The availability of prescription medications to treat erectile dysfunction in men hasn’t led to a decrease in advertisements for herbal male enhancement supplements, many of which are marketed online. The “all natural” aspect of these pills–which are treated as dietary supplements by the Food and Drug Administration (FDA)–may suggest that they are perfectly safe. However, consumer watchdog organizations, such as the Center for Science in the Public Interest (CSPI), say they probably aren’t.

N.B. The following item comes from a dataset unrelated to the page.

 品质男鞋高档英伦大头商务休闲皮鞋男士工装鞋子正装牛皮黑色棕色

Male enhancement pills to treat impotence and other sexual concerns are simply another form of health fraud designed to give false hope to consumers, according to the Federal Trade Commission (FTC), which first issued a consumer alert about these products in October 1998. The supplement so sensually marketed to increase male arousal or inspire sexual libido can contain any number of vitamins, minerals and herbs. In an October 2004 “Nutrition Action Newsletter,” writer David Schardt mentions yohimbe, tribulus terrestris, maca, ginseng, horny goat weed and ginkgo biloba as some of the herbs featured in male enhancement supplements, many of which purportedly enhance sexual performance based merely on how they’ve been used traditionally.

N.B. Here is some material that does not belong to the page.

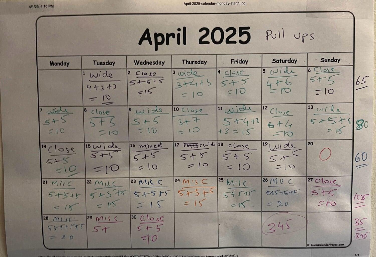 Years of not meeting my fitness goals has taught me another important lesson - it starts with setting the right goals. I’ve come a long way in how I set my goals. With 300 days to go, I could have easily picked 3000 pull-ups as my goal, but I held back. With kids, parents, family, friends, travel, changing weather, and more—who knows what life has in store for me. There is a good chance that I might miss a few days, and that's okay. Maybe I’ve let down the Gods of Big Hairy Audacious Goals (BHAGs), but come January 1, 2026, I’ll have done 2,500 more pull-ups than the Suraj of January 1, 2025.

According to Schardt, one of CSPI’s senior nutritionists, there’s either little good evidence–or no evidence at all–from clinical trials (studies that use human subjects) to suggest that most herbal remedies have any influence on sexual desire or sexual performance. There’s slight evidence to indicate that Korean ginseng may be beneficial to men with erectile dysfunction, but only in large amounts and if it’s derived from the herb using a steaming method, Schardt writes. What’s important to remember about natural male enhancement pills is that they don’t go through the same rigorous FDA-approval process as do prescription medications for erectile dysfunction. There’s no guarantee that the product you are using is effective–or even safe.
Dangerous Side Effects
Botanicals by virtue of their “all-natural” appeal, can seem like a gentle, nonthreatening way to address your health concerns, but they are not necessarily safe to use. For example, yohimbe can be hazardous, Schardt points out, causing side effects such as heart arrhythmia, heart attack and a sudden spike in blood pressure. The National Center for Complementary and Alternative Medicine (NCCAM) urges you to remember that natural male enhancement supplements can interact with the medications and other dietary supplements you take. They may also have undesirable side effects, particularly if you have an existing medical condition.
An Even Bigger Danger
Male enhancement supplements can pose a danger to your health when they contain undeclared ingredients (those not listed on the product’s label). In July 2006, the FDA issued a consumer warning that some male enhancement supplements contained analogues to prescription medications for erectile dysfunction, such as Viagra and Levitra. The problem, Schwartz writes, is that many men enticed by these supplements have erectile dysfunction for a reason, such as heart disease, diabetes or high blood pressure. Many men also take nitroglycerin for their conditions. The supplements discovered by the FDA contained a synthesis of these prescription erectile dysfunction drugs that interacts negatively with nitrates, causing a precipitous and sometimes life-threatening drop in blood pressure, says the FDA.
What to Do
The CSPI indicates that a safer, more effective and far less expensive way to address erectile dysfunction is to exercise and eat a healthy diet. According to Schardt, bedroom-performance problems may signal a bigger health problem, such as heart disease, especially in men 40 to 50 years of age. This population is twice as likely to have a heart attack than those men without erectile dysfunction. A frank talk with a physician about erectile dysfunction may be more daunting than ordering an herbal supplement online with hopes that it will live up to its marketing claims. The FDA urges any man who is using male enhancement supplements as a means of self-treating erectile dysfunction to stop taking them and contact a health care provider instead.